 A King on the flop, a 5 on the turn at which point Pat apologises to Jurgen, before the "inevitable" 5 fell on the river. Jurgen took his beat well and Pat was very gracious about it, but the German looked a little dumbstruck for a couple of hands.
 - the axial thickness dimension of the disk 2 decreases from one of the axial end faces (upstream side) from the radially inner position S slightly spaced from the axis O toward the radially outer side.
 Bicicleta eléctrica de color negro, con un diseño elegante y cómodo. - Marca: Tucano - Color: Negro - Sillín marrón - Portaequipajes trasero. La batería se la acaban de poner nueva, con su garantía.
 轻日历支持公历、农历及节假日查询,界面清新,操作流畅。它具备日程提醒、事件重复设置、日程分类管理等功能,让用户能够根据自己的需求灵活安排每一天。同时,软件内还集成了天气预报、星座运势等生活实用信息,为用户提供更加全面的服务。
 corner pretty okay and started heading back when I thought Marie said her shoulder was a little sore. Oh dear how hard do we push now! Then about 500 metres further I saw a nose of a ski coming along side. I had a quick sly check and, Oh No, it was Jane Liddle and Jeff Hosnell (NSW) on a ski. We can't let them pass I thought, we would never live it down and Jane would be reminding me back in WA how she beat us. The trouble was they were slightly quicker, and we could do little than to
---
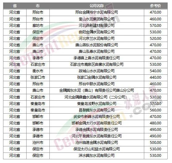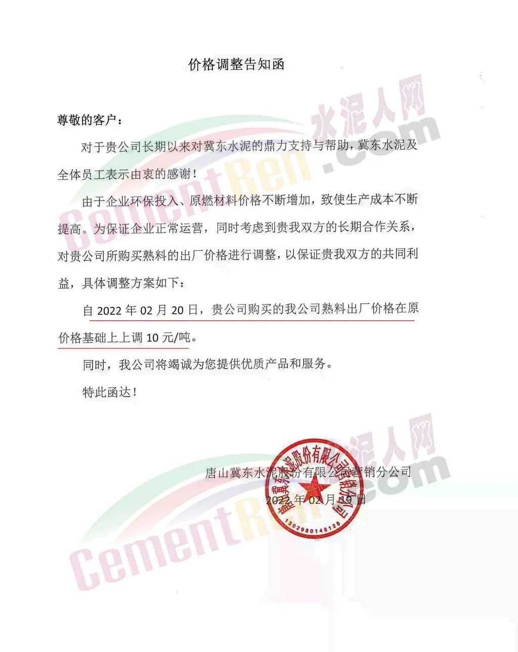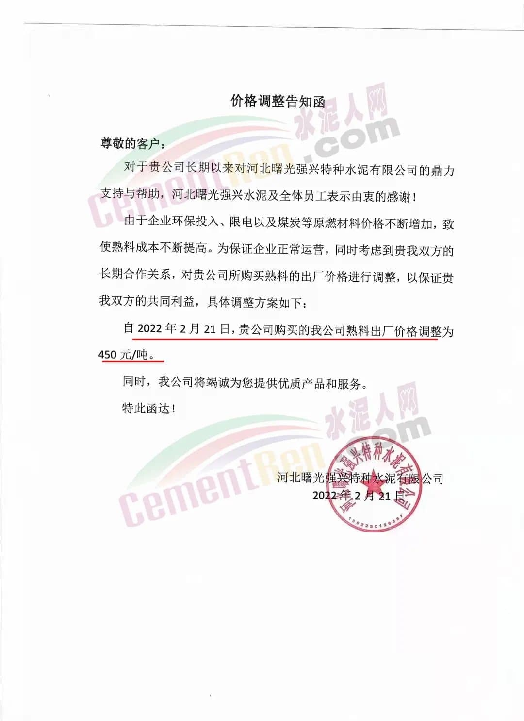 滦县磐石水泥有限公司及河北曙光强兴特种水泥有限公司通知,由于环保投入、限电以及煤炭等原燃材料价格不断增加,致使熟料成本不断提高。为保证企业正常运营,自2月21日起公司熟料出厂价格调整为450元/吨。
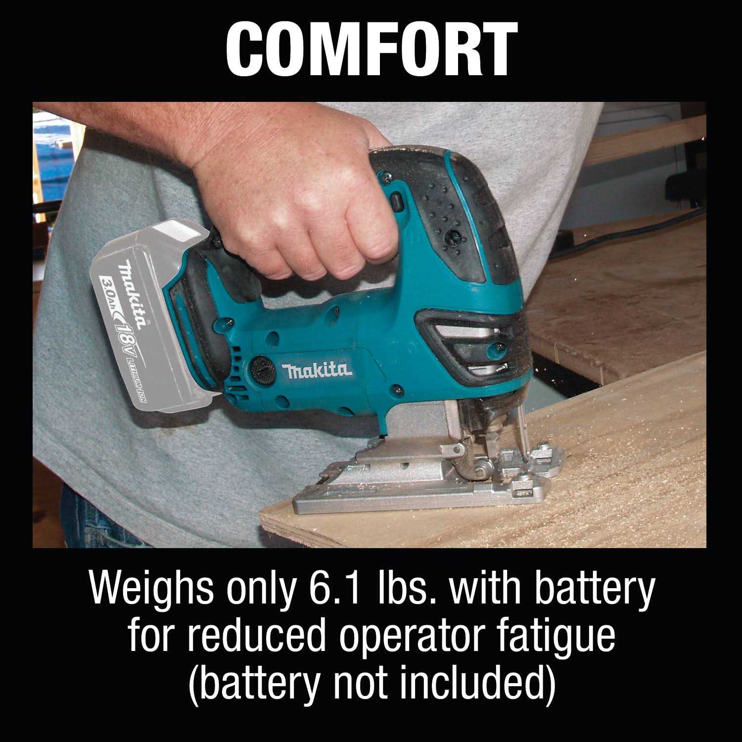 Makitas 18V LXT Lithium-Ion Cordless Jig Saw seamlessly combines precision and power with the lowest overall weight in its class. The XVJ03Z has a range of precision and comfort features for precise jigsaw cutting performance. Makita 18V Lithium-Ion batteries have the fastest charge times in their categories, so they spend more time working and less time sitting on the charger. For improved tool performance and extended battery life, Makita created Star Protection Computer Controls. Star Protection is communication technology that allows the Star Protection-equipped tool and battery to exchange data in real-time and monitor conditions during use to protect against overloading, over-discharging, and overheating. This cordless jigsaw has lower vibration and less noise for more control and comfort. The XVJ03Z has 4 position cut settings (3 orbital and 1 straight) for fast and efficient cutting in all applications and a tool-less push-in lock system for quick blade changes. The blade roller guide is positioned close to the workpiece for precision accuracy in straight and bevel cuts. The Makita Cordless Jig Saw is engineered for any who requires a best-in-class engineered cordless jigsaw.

§ **TASK DETAILS**:
Lines that hold the word "slightly" are the ones to copy from the entries above.

§ **EXERCISE RESPONSE**:
 - the axial thickness dimension of the disk 2 decreases from one of the axial end faces (upstream side) from the radially inner position S slightly spaced from the axis O toward the radially outer side.
 corner pretty okay and started heading back when I thought Marie said her shoulder was a little sore. Oh dear how hard do we push now! Then about 500 metres further I saw a nose of a ski coming along side. I had a quick sly check and, Oh No, it was Jane Liddle and Jeff Hosnell (NSW) on a ski. We can't let them pass I thought, we would never live it down and Jane would be reminding me back in WA how she beat us. The trouble was they were slightly quicker, and we could do little than to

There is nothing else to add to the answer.